The world runs on Data today – you see it used everywhere and anywhere. Data is colloquially referred to as the new ‘oil’ which keeps the world running. Most of us, if we choose to get placed after our degree, will enter the data analytic/strategic world. Statistics plays a primary role in this field and I cannot emphasise enough on how pivotal it is for analysis but let’s take a different approach and try and see how this applies in our favourite sports!
Pick any game you know- Football, Basketball, Cricket, Baseball, Archery, etc. You will realise that statistics, probability and strategy works its way into each one of them. How you ask?
In the spirit of the Cricket World Cup fever let’s take a look at an example from there.
Source:Times Of India (09/10/2023)
The above picture shows a comparison between the two countries in anticipation of the World Cup. Internal statistics like average run rate, ICC rank, past clashes, player form, and external conditions like weather, pitch, lights have all been taken into account to determine the probability and odds of a team winning or losing the game. This is a classic example of conditional probability being used to predict the outcome of the match.
The picture given above says that the probability of New Zealand winning is 9/10 and on the other hand, the probability of Netherlands winning is 1/10.
Lets try and calculate the new probability of winning but with the chance of rain. In fact for the sake of simplicity, let’s assume that rain is the only factor that can change the outcome of the match. Thus, now we shall calculate the probability of New Zealand winning given that it will rain.
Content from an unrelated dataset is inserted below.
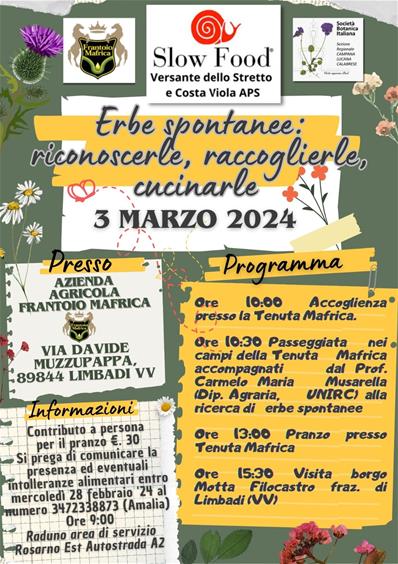 La Sezione Regionale Campana-Lucana-Calabrese ha organizzato per il prossimo 3 marzo 2024 un'attività didattica dal titolo "Erbe spontanee: riconoscerle, raccoglierle, cucinarle", in collaborazione con Slow Food - Versante dello Stretto e Costa Viola APS e l'Azienda Agricola Frantoio Mafrica. L'attività è finalizzata all’osservazione delle specie vegetali vascolari, al loro riconoscimento in campo, nonchè all'analisi dei possibili usi in gastronomici. Ulteriori informazioni sono riportate nella locandina allegata (Erbe spontanee.jpeg).

P(E1)- probability that New Zealand wins the match – 9/10
P(E2) – probability that Netherlands win the match – 1/10
P(R)- probability that it rains
P(R/E1) – ⅗ (chances of rain given New Zealand wins)
P(R/E2) – ⅕ (chances of rain given Netherlands win)
We want to know the chances of New Zealand winning given that it WILL rain –
Thus we want to find P(E1/R)
Using Bayes theorem (conditional probability) –
Thus the probability that NZ wins given it rains =
P(rain given NZ wins) [P(rain given NZ wins) + P(rain given Netherlands win)]
(9/10 * ⅗) [(9/10*⅗) + (1/10* ⅕)]
Which means that there is a 96.4% chance that New Zealand wins given that it rains.
Now, there are some obvious flaws in the way I have found this probability-
- I’ve assumed that rain and player form is the only factor that affects the outcome of the match (No importance given to pitch conditions – whether its a batting or bowling wicket)
- I’ve assumed the fact that even if it rains, the match will carry on but that will obviously not happen. We all know that the game will be stopped and the DLS (Duckworth- Lewis – Stern Method) will apply. This method factors in the ‘resources’ (overs left and wickets remaining) for a team and estimates the target that makes the game fair and allows the deserving team to win.
- It is difficult for statistics in general to measure and predict qualitative factors. The factors enumerated before (Pitch, weather, athlete form, team rank) can be quantified and calculated. However, other vital factors like audience cheers, player confidence and their mental health is challenging and complicated to estimate. Thus, it becomes difficult to predict outcomes when qualitative factors are crucial to performance.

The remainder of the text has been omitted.